My fellow Nairalanders, i respect ur opinion, hillarious ones and reasonable ones, marriage is not a bed of roses, i love my wife and i am not cheating on her, i am 100% married to her alone but her attitude is frustrating and i might have to leave her in the end. i hope i get lucky and this make FP so i can learn from experienced members before i take a decision, as we speak she has began the malice episode with me and if i dont apologize to her in 3 days, she is ready to go that far too.

sad sad sad cry



Well wat I can tell u is that pray very hard because it too early for problem but mind you u don't need to apologise lik her junior brother all the tim woman enjoy that a lot and she might always want u to say it since she knows ur weak point and also try and look for her parent and let them help u talk sense to her but remember pray very hard and make sure you don't turn against her if u do it will only tear u apart
Re: My 2 Months Old Marriage Is Crashing - HELP ME by lordizak(m): 12:13am On Apr 10, 2015
multicast:
I am a fervent reader on Nairaland and i dont miss this forum in 1 day, i have seen people share their concerns here and a lot of people have contributed through their comments, though some are hillarious while others are on point. i will appreciate matured responses.

I did not marry a stranger to start with and its why i am very pained cuz i come here on nairaland and see how people get frustrated about their marriage based on cogent reasons but mine is different.

first of all, I got married in february and am already very tired of my wife, not because she isnt very sexy or good in bed as other may experienced but because my wife starts arguments from little things as little as why did u miss my call, even if its a BBM call thats dependent of network, after hours of begging i have to end up with uncountable "am sorry".

secondly, my wife find it very easy to engage in malice for days without bothering to reconcile, and i have to talk to her over again and make her see reason why such act is not good in marriage, for which she will later apologize and the next day or same day she is back again in another episode.

thirdly, every man love to be respected, when my wife starts her drama about missed call or other flimsy excuses, she starts talking to me like am her junior brother, calling me names and after noticing how mad i am with her, she will apologize but always repeat such act.

i feel the amount of love and attention she gets from me is too much and i am beginning to think i should make her understand what it feels like to have a frustrated marriage. though am yet to do that.

i honestly am not perfect but i have never used any harsh word while addressing her even when she is obviously wrong, i dont do so because i know the feeling when she use them for me. i wish i could anyway.

i grew up in a place where women are highly regarded and well treated and maybe its affecting me because i also help her do chores and i dont push all the house work to her as most men do.

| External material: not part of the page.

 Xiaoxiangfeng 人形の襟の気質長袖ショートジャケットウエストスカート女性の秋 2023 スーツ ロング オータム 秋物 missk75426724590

i noticed i am always very unhappy and depressed the moment she comes up with this episodes and it may be because i love her so much and this is beginning to affect how i study and i might be forced to push her away first by not giving her attention as i used to.

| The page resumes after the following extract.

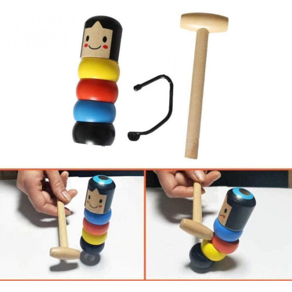 Стойкий деревянный человечек-неваляшка которого никто не может победить Small a wooden man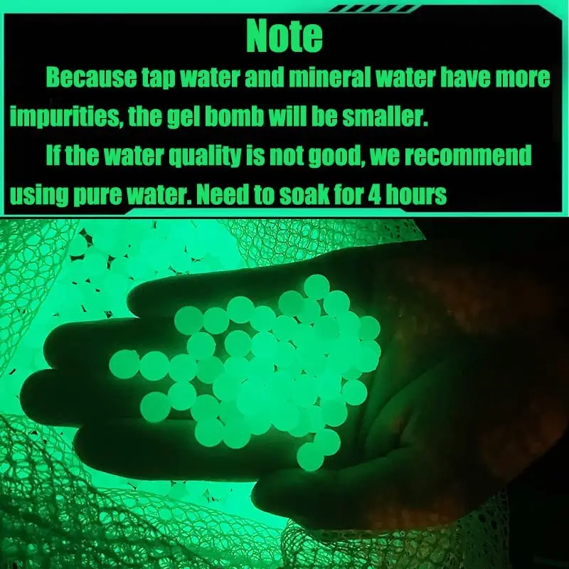 3.【 Светящаяся в темноте вода beads】помещая их под крытый светильник ing или любой светильник какое-то время, необходимое время и яркость патронов зависит от интенсивности светильник, мы рекомендуем как можно ближе к источнику светильник для полного поглощения энергии, после гелевых патронов для замачивания геля чистой водой. Чем дольше светильник будет светиться.

My fellow Nairalanders, i respect ur opinion, hillarious ones and reasonable ones, marriage is not a bed of roses, i love my wife and i am not cheating on her, i am 100% married to her alone but her attitude is frustrating and i might have to leave her in the end. i hope i get lucky and this make FP so i can learn from experienced members before i take a decision, as we speak she has began the malice episode with me and if i dont apologize to her in 3 days, she is ready to go that far too.

sad sad sad cry
bros women are just like that...... is that enough reason to give up? work it through, nothing out there is better - I would know.


Re: My 2 Months Old Marriage Is Crashing - HELP ME by musicwriter(m): 12:14am On Apr 10, 2015
@multicast.

Such a pity what you're passing through. It's for all these reasons I've decided to stay alone. What I want to do when the right girl come around is have her stay somewhere else, maybe with the parents or at a different apartment but not same place with me. I'll take care of her for whatever her needs and any babies may be. I'm not ready to hurt anyone neither should anyone hurt me.
Marriage seems to me like something that will cause me a great deal of discomfort.

4 Likes

Re: My 2 Months Old Marriage Is Crashing - HELP ME by bbjummy: 12:14am On Apr 10, 2015
You're getting to know yourselves better. Just exercise more patience, u will soon get off this stage.
Hmm! I was like that at the on set of my marriage and I never knew why I was always angry or mad at him. Each time I did that, I'd ended up with headache and restlessness. I really had to pray concerning that and I learnt to love him more because I'd felt it was a force against us. Today, we are best of friends.

I couldn't have had a better one other than him.
BEST WISHES.

11 Likes

Re: My 2 Months Old Marriage Is Crashing - HELP ME by gistmelove(m): 12:15am On Apr 10, 2015
Hmmmm that is woman for u.. Mine also behave like dis sometym.. But thank God she has adjust now.. Is jus matter of tym..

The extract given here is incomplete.